The goal of this article has been to articulate the nature of saving faith in the theology of James. Saving faith in God and Christ is a foundational assumption in James, and God is central as both the origin and object of the faith of his readers. Distinctive to James is his emphasis on the whole-hearted prayer of faith, a theme that bookends the letter. And James’s most important contribution to the nature of saving faith in New Testament theology is the argument that genuine saving faith is accompanied by works. I suggested that James’s argument is a better way for Protestants to respond to antinomian misunderstandings of the gospel. Rather than arguing that faith includes works and compromising the Pauline and Reformation doctrine of sola fide, we should simply insist that all true believers must also have works.
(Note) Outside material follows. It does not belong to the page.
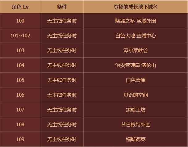 * 成长地下城也会掉落105级史诗装备。 * 100Lv圣域外围根据阵营的选择,各提供1个副本
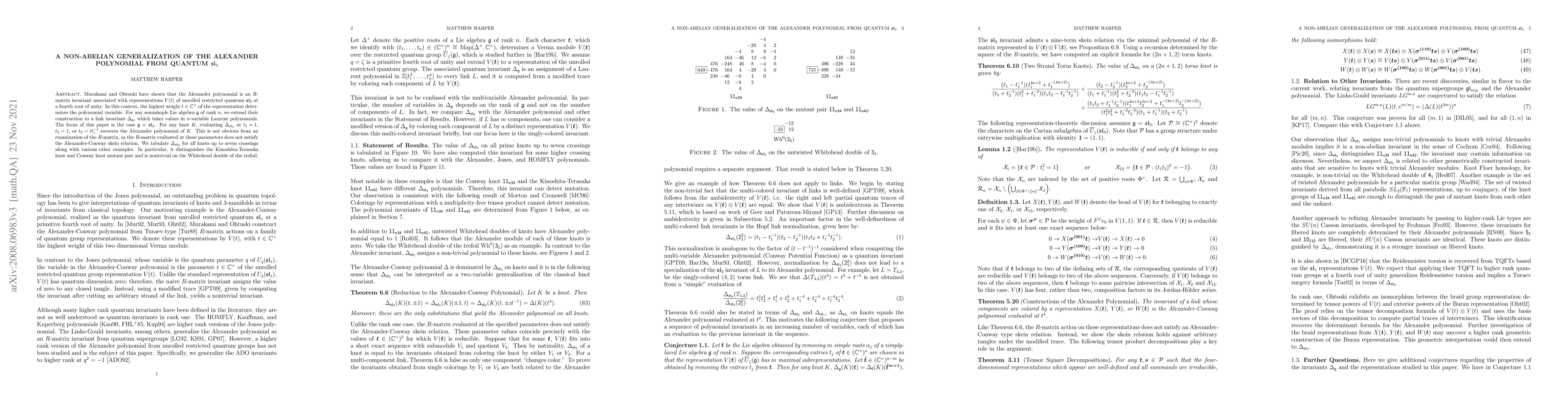 Murakami and Ohtsuki have shown that the Alexander polynomial is an $R$-matrix invariant associated with representations $V(t)$ of unrolled restricted quantum $\mathfrak{sl}_2$ at a fourth root of unity. In this context, the highest weight $t\in\mathbb{C}^\times$ of the representation determines the polynomial variable. For any semisimple Lie algebra $\mathfrak{g}$ of rank $n$, we extend their construction to a link invariant $\Delta_{\mathfrak{g}}$, which takes values in $n$-variable Laurent polynomials. The focus of this paper is the case $\mathfrak{g}=\mathfrak{sl}_3$. For any knot $K$, evaluating $\Delta_{\mathfrak{sl}_3}$ at ${t_1=1}$, ${t_2=1}$, or ${t_2= it_1^{-1}}$ recovers the Alexander polynomial of $K$. This is not obvious from an examination of the $R$-matrix, as the $R$-matrix evaluated at these parameters does not satisfy the Alexander-Conway skein relation. We tabulate $\Delta_{\mathfrak{sl}_3}$ for all knots up to seven crossings along with various other examples. In particular, it distinguishes the Kinoshita-Terasaka knot and Conway knot mutant pair and is nontrivial on the Whitehead double of the trefoil.

[1]Dr. McFadden is Professor of New Testament at Cairn University in Langhorne, PA. This article is a significantly revised version of a paper given at the 2022 annual meeting of the Evangelical Theological Society in Denver, CO. He is grateful to Dr. R. Bruce Compton for inviting him to give this paper, and also for Dr. Compton’s influence on this article through his class Greek Exegesis of James, which Dr. McFadden took during his MDiv studies at Detroit Baptist Theological Seminary.

[2]Andrew Chester and Ralph P. Martin, The Theology of the Letters of James, Peter, and Jude, New Testament Theology (New York: Cambridge University Press, 1994), 27.

[3]All Scripture quotations are from the English Standard Version unless otherwise noted.

[5]Most commentators see 1:18 referring to the new-creation birth of the new covenant (Douglas J. Moo, The Letter of James, 2nd ed., Pillar New Testament Commentary [Grand Rapids: Eerdmans, 2021], 105, n. 88).

[6]As Johnson observes, “Most distinctive in James’s understanding of God (as patristic interpreters and Kierkegaard perceived) is that God is the giver of gifts” (Luke Timothy Johnson, Brother of Jesus, Friend of God: Studies in the Letter of James [Grand Rapids: Eerdmans, 2004], 246).

[8]“Rich in faith” in 2:5 could refer to the future inheritance of the poor that comes by faith, but it seems more likely that James is speaking about the riches of faith that poor believers have now. So Dale C. Allison, Jr., A Critical and Exegetical Commentary on the Epistle of James, International Critical Commentary (New York: Bloomsbury, 2013), 396.

[9]A few interpreters have argued that in 2:1 Jesus Christ should be taken as subject of faith or faithfulness—e.g., Bruce A. Lowe, “James 2:1 in the Πίστις Χριστοῦ Debate: Irrelevant or Indispensable?” in The Faith of Jesus Christ: Exegetical, Biblical, and Theological Studies, ed. Michael F. Bird and Preston M. Sprinkle (Peabody, MA: Hendrickson, 2009), 239–57. But it is difficult to see how James’s readers could “hold” (ἔχω) Jesus’s faith or faithfulness, whereas faith is clearly something is something people can “have” (ἔχω) according to 2:14 and 18 (so Moo, James, 131).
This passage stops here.